Colorado Genealogy Trails


Genealogy Trails is an all-volunteer group whose goal is to help you track your ancestors through time by transcribing genealogical and historical data and placing it online for the free use of all researchers.


Volunteers Dedicated to Free Genealogy

This website is available for adoption!

If you are interested in joining our group to become the County webmaster for this site, read our volunteer information page and email Kim.
(The Know-how to make a basic webpage and a desire to transcribe data is needed)

Until we get a dedicated volunteer to maintain this site, we'll do the best we can to add data as we come across it.

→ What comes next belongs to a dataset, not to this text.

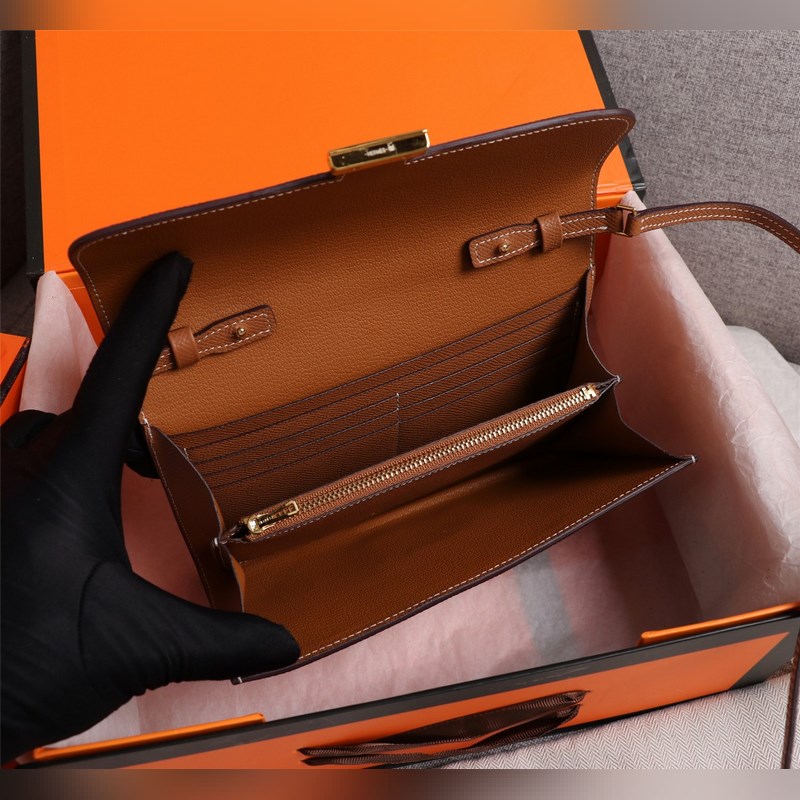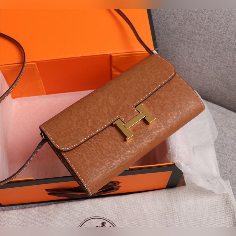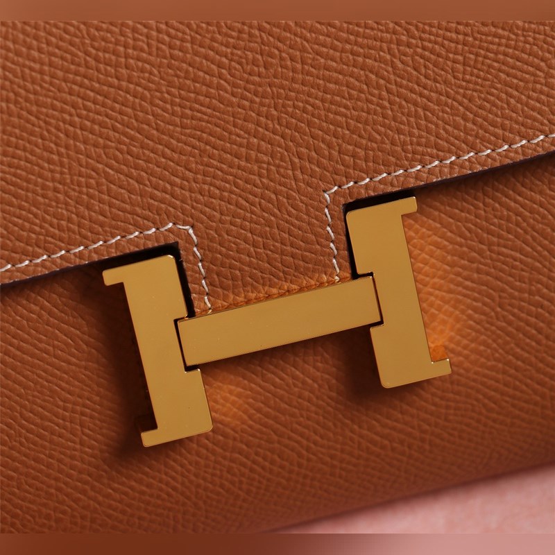 Hermès Constance -laukku, jossa olkahihna, “H”-lukko, 12 korttipaikkaa, 2 setelitaskua, 1 keskitasku, takatasku, 1 vetoketjullinen tasku.

You can send your family's raw data (birth/marriage/death, cemetery, census, biography records) to us and we'll include it on this site.

WE REGRET THAT WE ARE UNABLE TO DO PERSONAL RESEARCH FOR YOU
All data we come across will be added to this website, so please keep checking back.

 


County History
Denver was founded in the Kansas Territory in 1858. That summer a group from Lawrence, Kansas, arrived and established Montana City on the banks of the South Platte River. This was the first settlement in what was later to become the city of Denver. The site faded quickly, however, and was abandoned in favor of Auraria and St. Charles City by the summer of 1859. The site is now Grant-Frontier Park and includes mining equipment and a log cabin replica.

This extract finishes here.